As Bond finished speaking, the next number was knocked down for £90 to a pretty, excited girl who was obviously being staked by her companion, a grey-haired, fresh-complexioned man who looked a caricature of an Esquire sugar-daddy.

‘Go on. Buy me a number, James,’ said Tiffany. ‘You really don’t treat a girl right. Look at the way that nice man treats his girl.’

‘He’s past the age of consent,’ said Bond. ‘He must be sixty. Up to forty, girls cost nothing. After that you have to pay money, or tell a story. Of the two it’s the story that hurts most.’ He smiled into her eyes. ‘Anyway I’m not forty yet.’

‘Don’t be conceited,’ said the girl. She looked at his mouth. ‘They say that older men make much the best lovers. And yet you’re not naturally a tightwad. I bet it’s because gambling’s illegal in subject-ships or something.’

‘It’s all right outside the 3-mile limit,’ said Bond. ‘But even so the Cunard have been damn careful not to involve the Company in it. Listen to this.’ He picked up an orange card that lay on their table. ‘“Auction Sweepstake on Ship’s Daily Run”,’ he read. ‘“In view of inquiries it is considered desirable to re-state the Company’s position in connection with the above. It is not the Company’s wish that the Smoke Room Steward or other members of the ship’s personnel should play an active part in organizing sweepstakes on the daily run.”’ Bond looked up. ‘You see,’ he said. ‘Playing it pretty close to the chest. And then they go on: “The Company suggests that the passengers should elect a Committee from amongst themselves to formulate and control the details ... the Smoke Room Steward may, if requested and if his duties permit, render such assistance as the Committee require for auctioning of numbers.”

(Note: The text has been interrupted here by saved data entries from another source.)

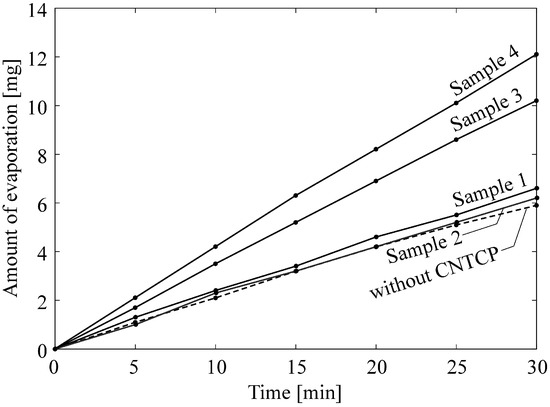 We prepared samples 1 to 4 on the basis of the CNTCP fabrication method described in Section 2.1 and under the conditions listed in Table 1. Figure 5 shows photos of the fabricated samples. These CNTCPs were evaluated for their water absorption ability. Figure 6 shows the results of the measurements described in Section 2.2 for 30 min. For comparison, the measurement results without CNTCP are also shown. This suggests that CNTCP made from rayon pulp has excellent absorption ability. It was also found that the absorption ability further improved by drying in an oven instead of using a heat press. This suggests that heat pressing reduces the space inside CNTCP, suppressing capillary action.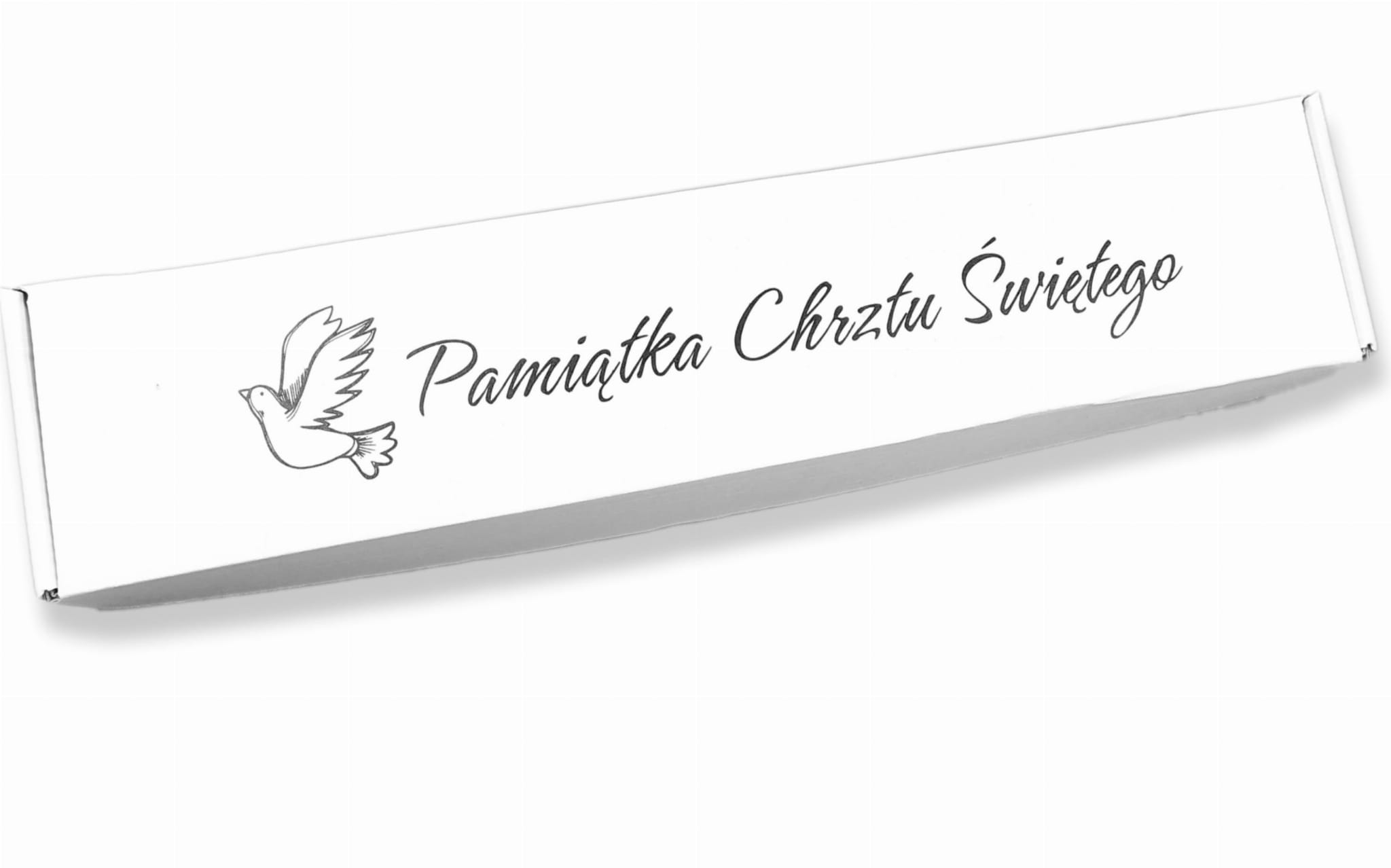 Pudełko dołączone do zestawu wykonane jest z białej tektury i ozdobione napisem "Pamiątka Chrztu Św.".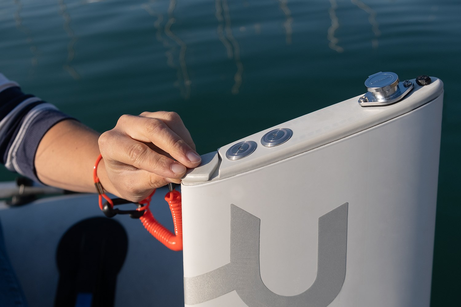 Het allesoverheersende idee van ”zo eenvoudig mogelijk” strekt zich ook uit tot de gebruikersinterface. Alles wat niet absoluut noodzakelijk is, is weggelaten. Er is geen gashendel. De Remigo heeft alleen aan de bovenkant drukknoppen om de snelheid in te stellen op een schaal van 1 tot 10. Een LED-balk toont het vermogen waarmee de propeller draait en in welke richting. Voor een snelle stop druk je twee knoppen tegelijk in. En een magnetische mini-console onder de besturing dient als killswitch. Trek je die uit, dan wordt ook de motor uitgeschakeld. Alles is vrij logisch.

‘Pretty cagey,’ commented Bond. ‘It’s the committee that holds the baby if there’s any trouble. And listen to this. This is where the trouble comes in.’ He read on: ‘“The Company draws special attention to the provisions of the United Kingdom Finance Regulations as affecting the negotiability of sterling cheques and the limitation on the importation of sterling banknotes into the United Kingdom.”’

Bond put down the card. ‘And so forth,’ he said. He smiled at Tiffany Case. ‘So I buy you the number that’s just being auctioned and you win two thousand pounds. That’ll be a pile of dollars and pound notes and cheques. The only way of spending all that sterling, even suppose that those cheques are all good, which is doubtful, would be by smuggling it through under your suspender belt. And there we’d be, back in the same old racket, but now with me on the side of the devil.’

The girl was not impressed. ‘There used to be a guy in the gangs called Abadaba,’ she said. ‘He was a crooked egg-head who knew all the answers. Worked out the track odds, fixed the percentage on the numbers racket, did all the brain work. They called him “The Wizard of Odds”. Got rubbed out quite by mistake in the Dutch Schultz killing,’ she added parenthetically. ‘I guess you’re just another Abadaba the way you talk yourself out of having to spend some money on a girl. Oh, well,’ she shrugged her shoulders resignedly, ‘will you stake your girl to another Stinger?’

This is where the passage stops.